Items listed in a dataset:
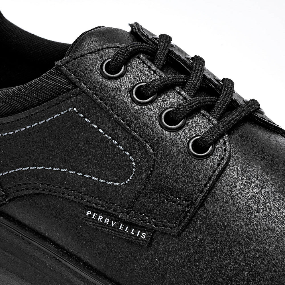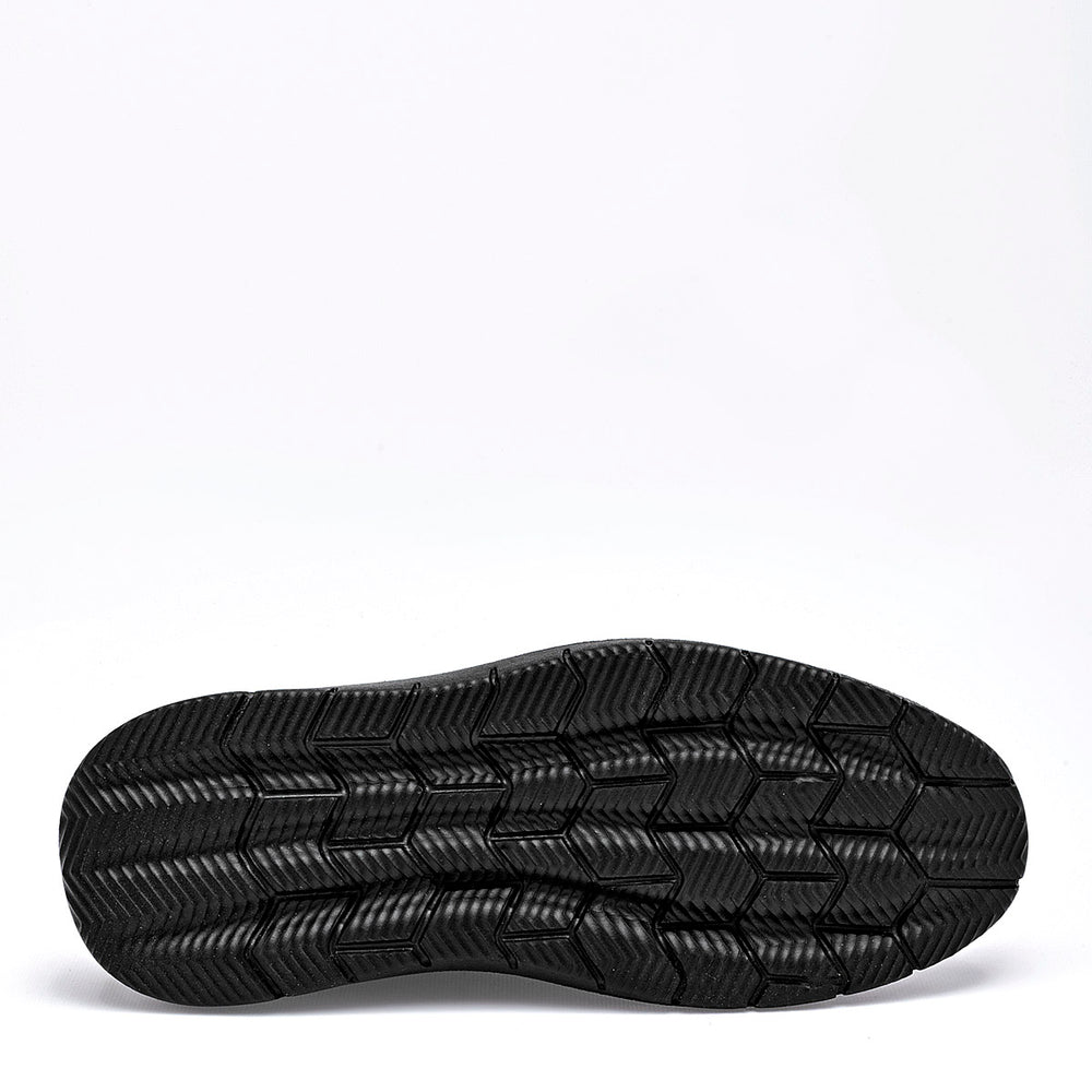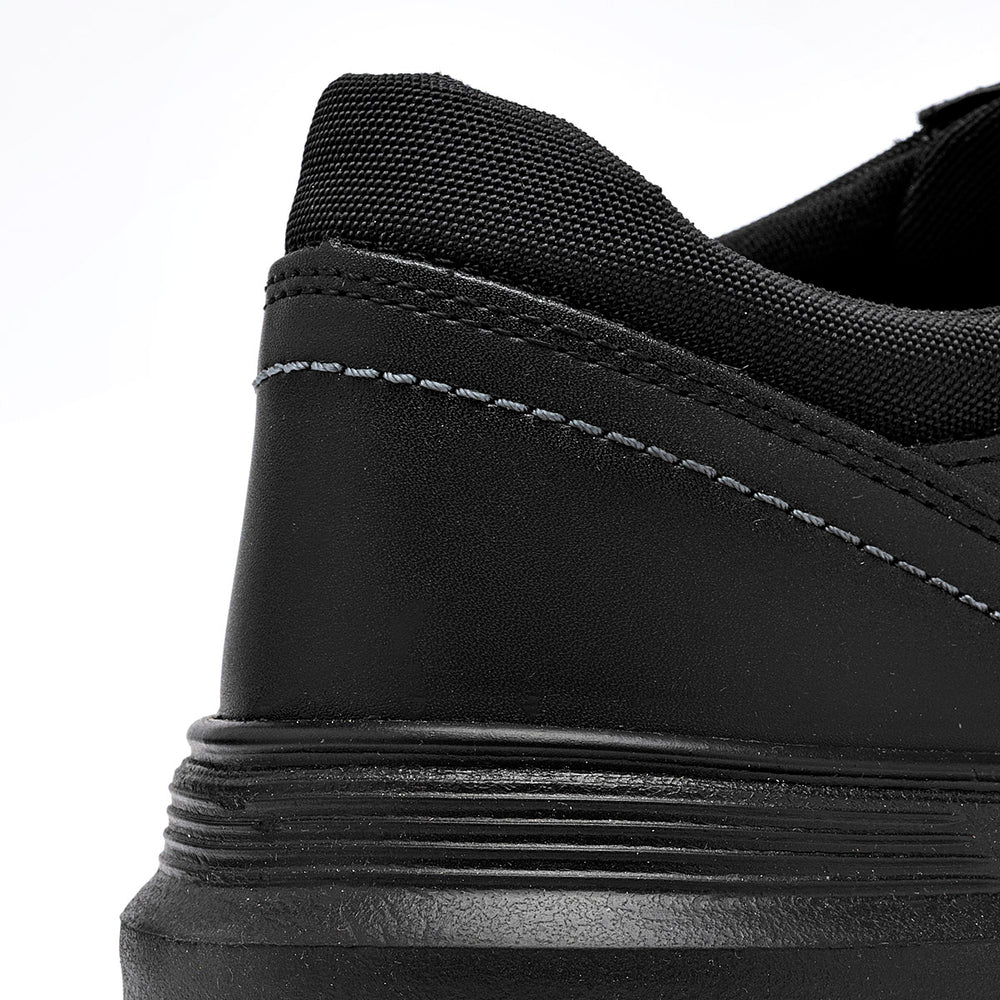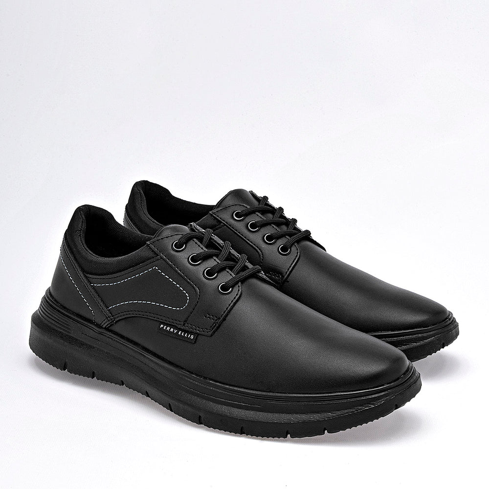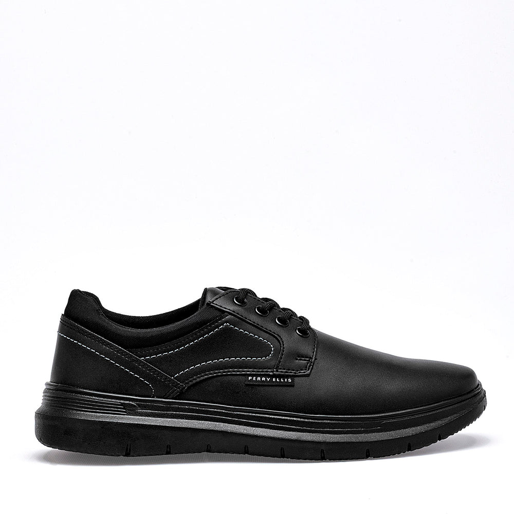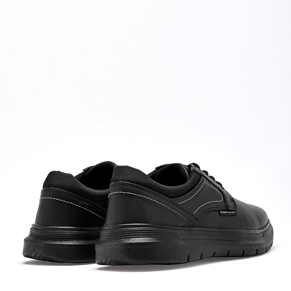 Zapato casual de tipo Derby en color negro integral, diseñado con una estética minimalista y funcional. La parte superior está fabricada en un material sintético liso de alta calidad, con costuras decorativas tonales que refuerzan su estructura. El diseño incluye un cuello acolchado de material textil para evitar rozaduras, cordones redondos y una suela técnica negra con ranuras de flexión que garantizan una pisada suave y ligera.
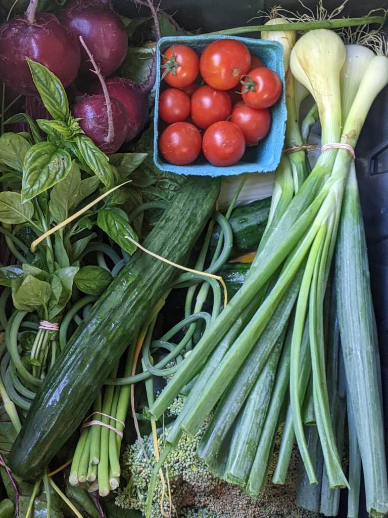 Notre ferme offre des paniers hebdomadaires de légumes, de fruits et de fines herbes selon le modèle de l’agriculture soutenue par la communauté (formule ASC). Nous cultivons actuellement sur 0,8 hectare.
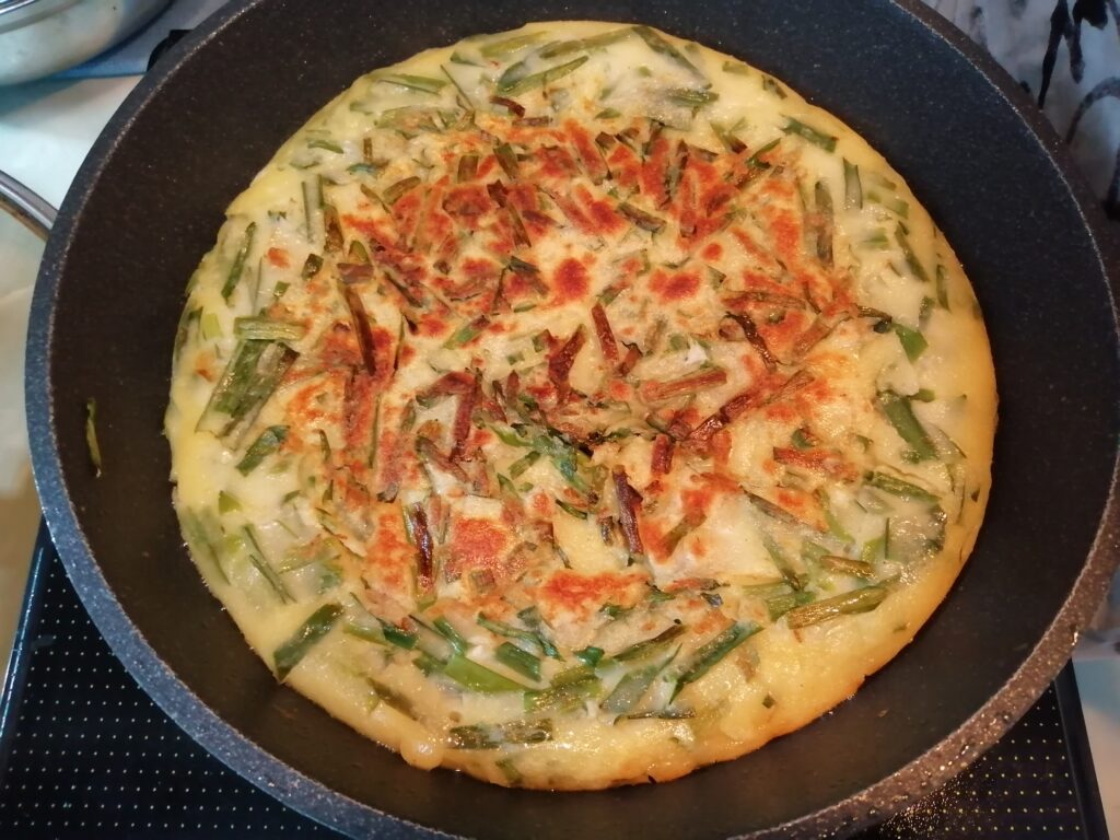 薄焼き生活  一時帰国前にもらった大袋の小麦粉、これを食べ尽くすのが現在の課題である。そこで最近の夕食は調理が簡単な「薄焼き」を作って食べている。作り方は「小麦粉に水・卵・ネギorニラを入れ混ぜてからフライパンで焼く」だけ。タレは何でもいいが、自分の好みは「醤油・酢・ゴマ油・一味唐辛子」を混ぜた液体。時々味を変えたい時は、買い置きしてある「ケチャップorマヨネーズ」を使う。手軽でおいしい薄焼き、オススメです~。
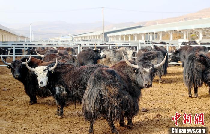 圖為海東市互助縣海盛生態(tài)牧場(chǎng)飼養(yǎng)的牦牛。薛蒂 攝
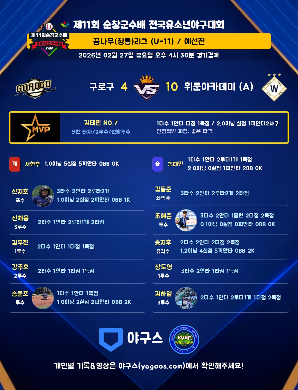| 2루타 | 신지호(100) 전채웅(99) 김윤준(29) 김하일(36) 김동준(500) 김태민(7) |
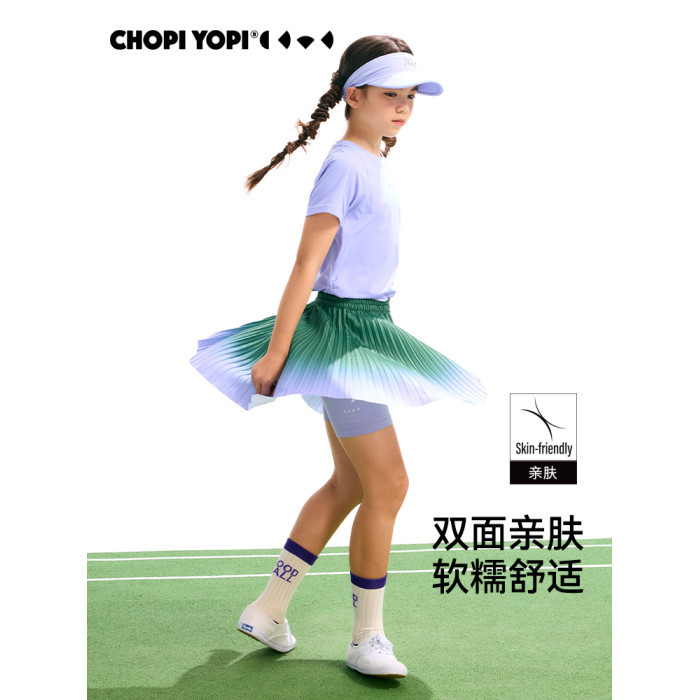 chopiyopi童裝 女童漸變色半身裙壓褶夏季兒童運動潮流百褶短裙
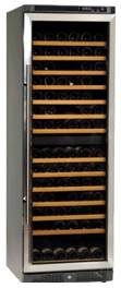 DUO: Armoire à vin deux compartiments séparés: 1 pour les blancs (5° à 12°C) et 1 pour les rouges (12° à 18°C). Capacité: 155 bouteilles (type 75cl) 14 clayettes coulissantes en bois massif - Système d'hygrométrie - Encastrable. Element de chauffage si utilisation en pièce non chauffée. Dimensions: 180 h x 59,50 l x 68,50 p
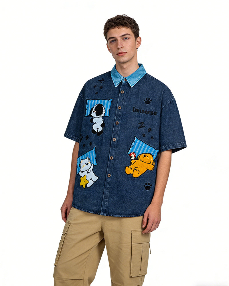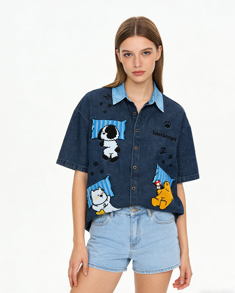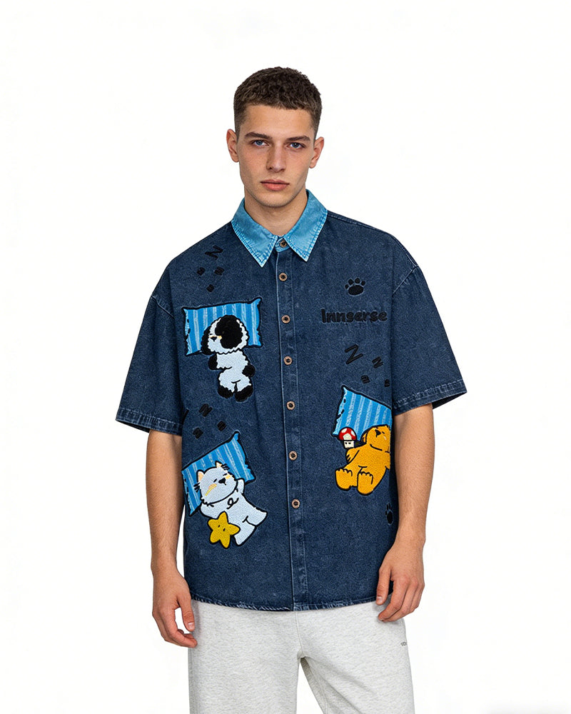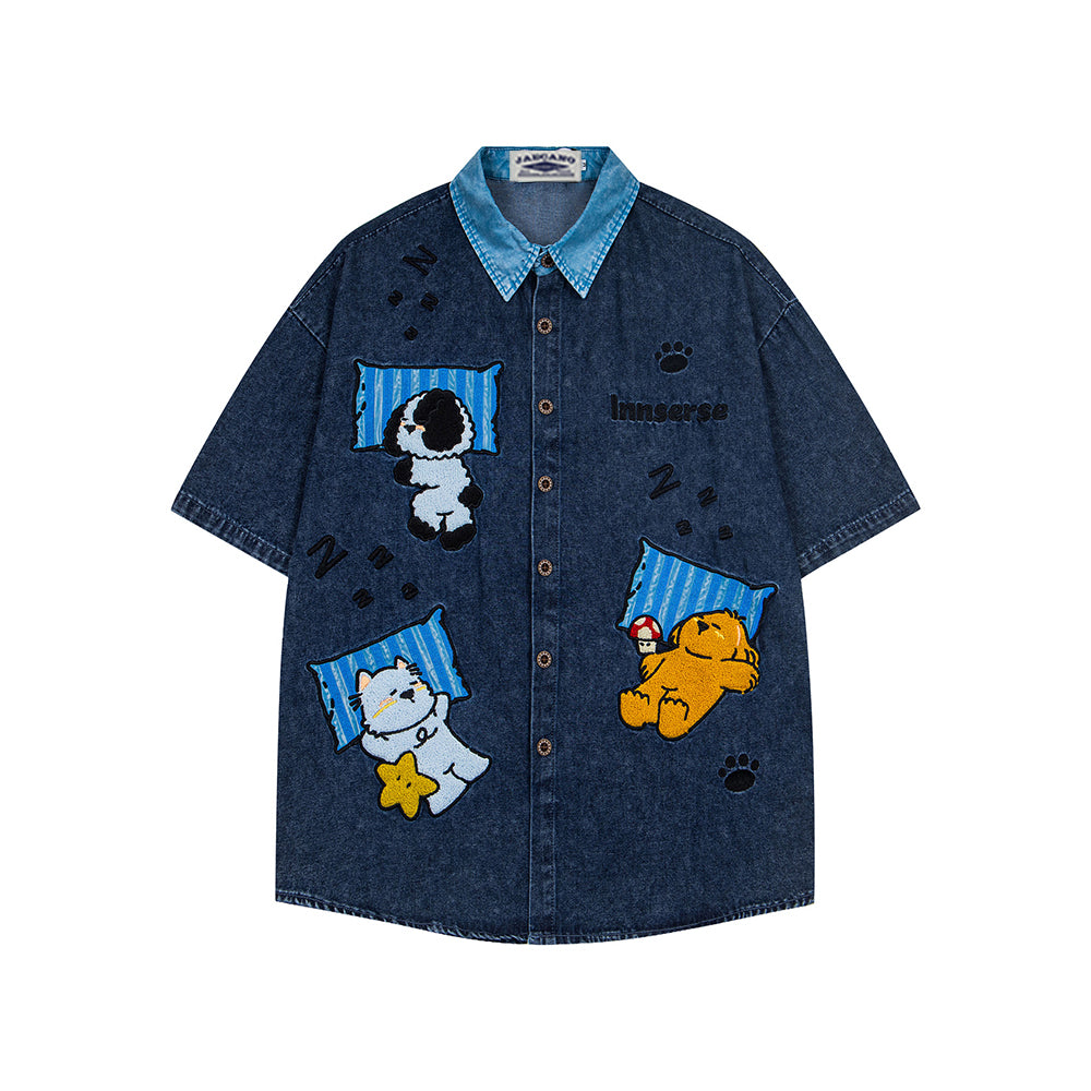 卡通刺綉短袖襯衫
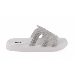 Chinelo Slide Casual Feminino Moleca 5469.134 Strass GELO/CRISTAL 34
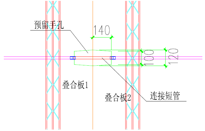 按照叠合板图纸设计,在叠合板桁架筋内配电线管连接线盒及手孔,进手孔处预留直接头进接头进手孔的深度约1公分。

▶ _HOW TO COMPLETE THIS TASK_
Copy all of the data word for word, and keep the pictures out of it.

▶ _SOLUTION TO THIS TASK_
 Zapato casual de tipo Derby en color negro integral, diseñado con una estética minimalista y funcional. La parte superior está fabricada en un material sintético liso de alta calidad, con costuras decorativas tonales que refuerzan su estructura. El diseño incluye un cuello acolchado de material textil para evitar rozaduras, cordones redondos y una suela técnica negra con ranuras de flexión que garantizan una pisada suave y ligera.
 Notre ferme offre des paniers hebdomadaires de légumes, de fruits et de fines herbes selon le modèle de l’agriculture soutenue par la communauté (formule ASC). Nous cultivons actuellement sur 0,8 hectare.
 薄焼き生活  一時帰国前にもらった大袋の小麦粉、これを食べ尽くすのが現在の課題である。そこで最近の夕食は調理が簡単な「薄焼き」を作って食べている。作り方は「小麦粉に水・卵・ネギorニラを入れ混ぜてからフライパンで焼く」だけ。タレは何でもいいが、自分の好みは「醤油・酢・ゴマ油・一味唐辛子」を混ぜた液体。時々味を変えたい時は、買い置きしてある「ケチャップorマヨネーズ」を使う。手軽でおいしい薄焼き、オススメです~。
 圖為海東市互助縣海盛生態(tài)牧場(chǎng)飼養(yǎng)的牦牛。薛蒂 攝
| 2루타 | 신지호(100) 전채웅(99) 김윤준(29) 김하일(36) 김동준(500) 김태민(7) |
 chopiyopi童裝 女童漸變色半身裙壓褶夏季兒童運動潮流百褶短裙
 DUO: Armoire à vin deux compartiments séparés: 1 pour les blancs (5° à 12°C) et 1 pour les rouges (12° à 18°C). Capacité: 155 bouteilles (type 75cl) 14 clayettes coulissantes en bois massif - Système d'hygrométrie - Encastrable. Element de chauffage si utilisation en pièce non chauffée. Dimensions: 180 h x 59,50 l x 68,50 p
 卡通刺綉短袖襯衫
 Chinelo Slide Casual Feminino Moleca 5469.134 Strass GELO/CRISTAL 34
 按照叠合板图纸设计,在叠合板桁架筋内配电线管连接线盒及手孔,进手孔处预留直接头进接头进手孔的深度约1公分。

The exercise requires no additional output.